The results show that endogenous network effects significantly drive inter-city innovation networks but do not replace exogenous proximity effects, such as geographical and technological factors. Geographical distance still decreases the likelihood of collaboration between cities, as also does technological distance. Infrastructure increasing connectivity between cities, such as High-Speed Rail (HSR), also appears to have a strong impact. Overall, the main outcome and contribution of the study lies in the original estimation of structural network effects in innovation networks, specifically through the mechanisms of preferential attachment, transitivity, and link memory. While these mechanisms offer not only a novel lens to examine how innovation networks evolve and sustain over time, the study underscores the enduring relevance of geographical and relational proximities in network formation. This dual focus not only advances theoretical frameworks but also provides actionable insights for regional policymaking in China and globally. In a Chinese policy context, enabling lagging regions to participate in such networks, and to get attached to other well connected other regions becomes even more important in view of the empirical results.
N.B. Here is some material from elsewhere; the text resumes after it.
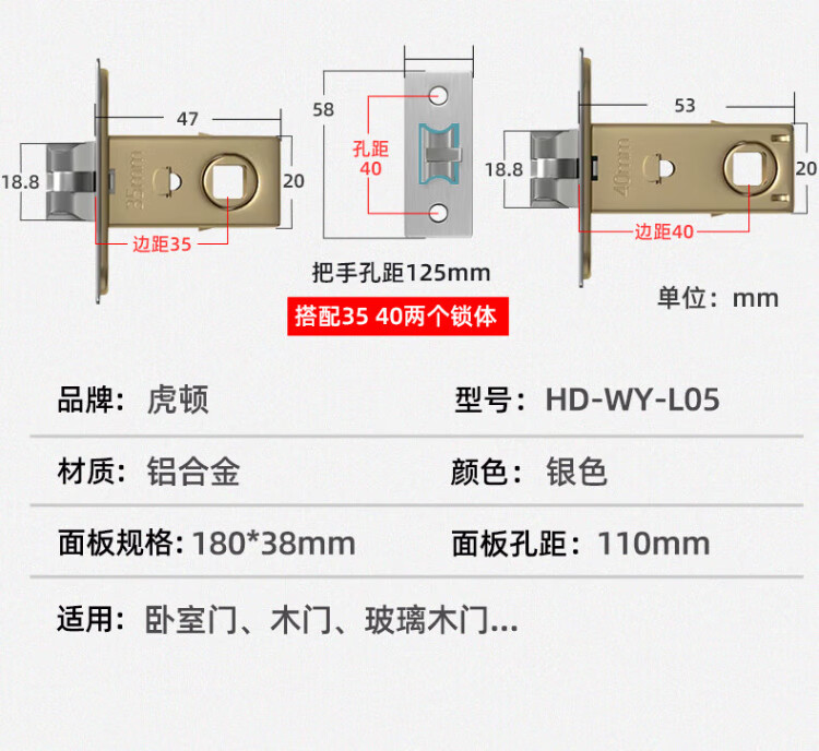 HOTUN bathroom door lock universal bathroom door lock type light sound keyless toilet bathroom special aluminum alloy door handle bathroom aluminum handle-WY-L05 silver

At the same time, the results can be an important input for regional policy makers in order to align regional policies initiated locally with the relative positioning of the region to other regions, not only in geographical and technological, but also in network space. Strategic linking with other central cities may increase the centrality of the region in the mid- to long-term.
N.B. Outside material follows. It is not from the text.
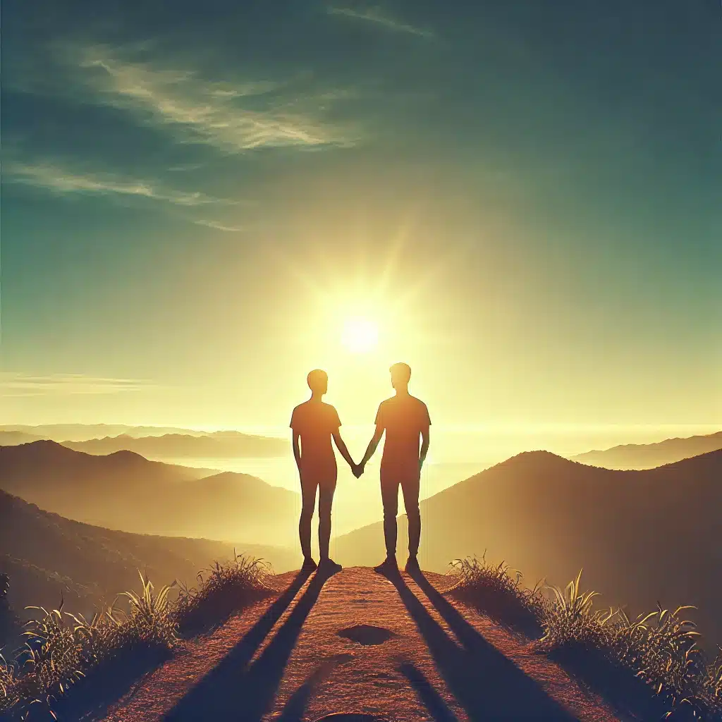 Fényes jelenet, ahol egy férfi vigasztal egy gyermeket, körülvéve szeretetteljes emberekkel. A középpontban a könyörület és az egymás iránti gondoskodás látható.

Clearly, this study produces some interesting results, but also has some limitations that suggest directions for future research. First, the study is limited to technological innovation networks by focusing on inter-city co-patenting. Given that this is only one form of joint R&D activities, a comparison to other forms, such as project-based R&D collaboration, would be interesting, both in a scientific and a policy context. Second, the study does not control for technological or sectorial heterogeneities that have recently been increasingly discussed as an important property of innovation networks (see Neuländnter and Scherngell 2020). This would be an important complementary element in future research. Third, comparisons with other geographical areas, such as the US or Europe, are of great interest, in order to delineate the more China-specific from general results obtained in this study.